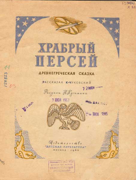 - Храбрый Персей : древнегреческая сказка / рассказал Корней Чуковский ; рис. Н. Кузьмина. – М. : Дет. лит., 1964. – 16 с. : ил.
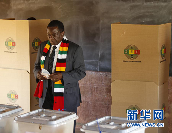 7月30日,在津巴布韋奎奎市,總統姆南加古瓦在一處投票站參加投票。 新華社發(肖恩·朱薩攝)
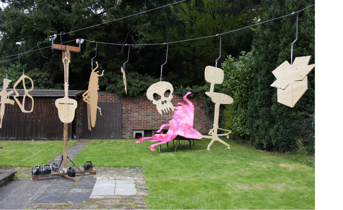 The main piece is a funicular, where silhouette cutouts are gently buncing back and forth in an endless circuite. Waste materials, like bicycle wheels, metal trash, wire, wood, rubber tubes and sand paper, are recycled in a low-tech rail that sings a beautiful symphony of mechanical sounds, that carries across situations and objects of everyday life: TV-series, news, fixing the car, combing one’s hair, up-loading on the Internet, fixing a plumbing issue or cutting a slice of cheese.
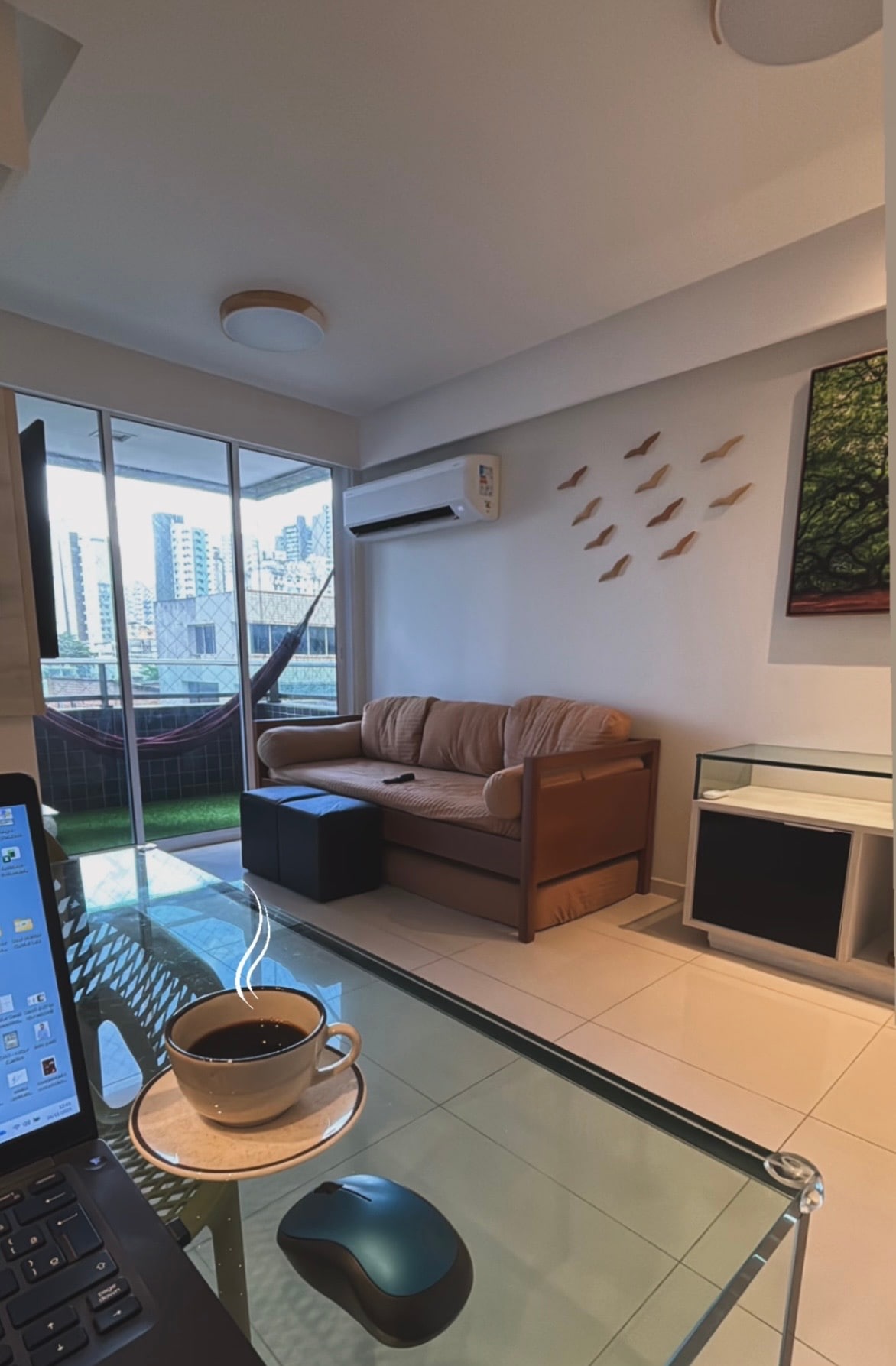 Flat Moderno no Edifício Parque do Cais - Recife Flat na Av. Eng. José Estelita, São José: sala climatizada c/ smart TV e sofá-cama, cozinha americana completa, suíte, internet e eletrodomésticos novos. Vista do Recife antigo e moderno, garagem grátis, perto de pontos turísticos, shopping e praia. Inclui lavanderia, sauna, academia, piscina, coworking e mercado na recepção 24 h. Preço justo. Entre em contato conosco!
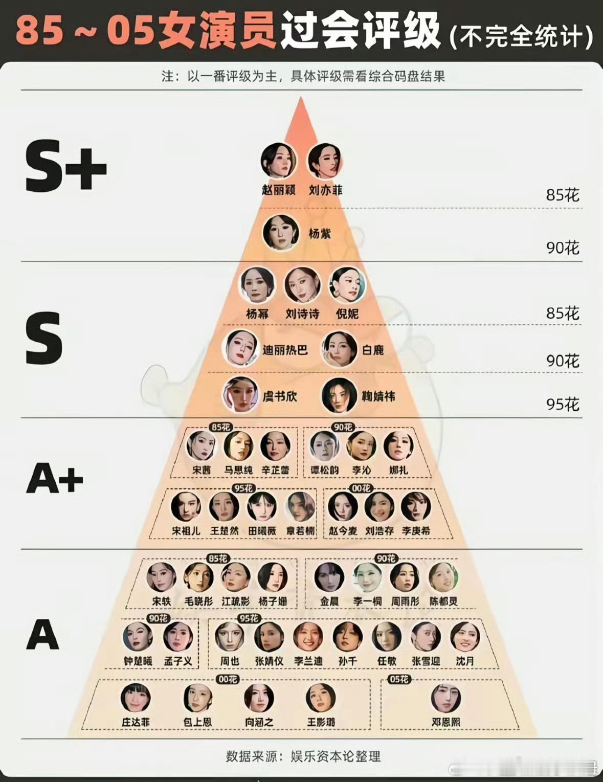 内娱女顶流梯队,你认同吗?85花:赵丽颖、刘亦菲、杨幂、刘诗诗、倪妮、唐嫣、张小斐、辛芷蕾90花:杨紫、迪丽热巴、周冬雨、李沁、金晨、白鹿、鞠婧祎95花:赵露思、虞书欣、周也、田曦薇、张婧仪、卢昱晓、孟子义、李兰迪内娱859095花的顶流梯队一目了然

= = = = = = =

**Task requirements**
Return the material above in exact form. Pictures stay out.

**Solution to this task**
 - Храбрый Персей : древнегреческая сказка / рассказал Корней Чуковский ; рис. Н. Кузьмина. – М. : Дет. лит., 1964. – 16 с. : ил.
 7月30日,在津巴布韋奎奎市,總統姆南加古瓦在一處投票站參加投票。 新華社發(肖恩·朱薩攝)
 The main piece is a funicular, where silhouette cutouts are gently buncing back and forth in an endless circuite. Waste materials, like bicycle wheels, metal trash, wire, wood, rubber tubes and sand paper, are recycled in a low-tech rail that sings a beautiful symphony of mechanical sounds, that carries across situations and objects of everyday life: TV-series, news, fixing the car, combing one’s hair, up-loading on the Internet, fixing a plumbing issue or cutting a slice of cheese.
 Flat Moderno no Edifício Parque do Cais - Recife Flat na Av. Eng. José Estelita, São José: sala climatizada c/ smart TV e sofá-cama, cozinha americana completa, suíte, internet e eletrodomésticos novos. Vista do Recife antigo e moderno, garagem grátis, perto de pontos turísticos, shopping e praia. Inclui lavanderia, sauna, academia, piscina, coworking e mercado na recepção 24 h. Preço justo. Entre em contato conosco!
 内娱女顶流梯队,你认同吗?85花:赵丽颖、刘亦菲、杨幂、刘诗诗、倪妮、唐嫣、张小斐、辛芷蕾90花:杨紫、迪丽热巴、周冬雨、李沁、金晨、白鹿、鞠婧祎95花:赵露思、虞书欣、周也、田曦薇、张婧仪、卢昱晓、孟子义、李兰迪内娱859095花的顶流梯队一目了然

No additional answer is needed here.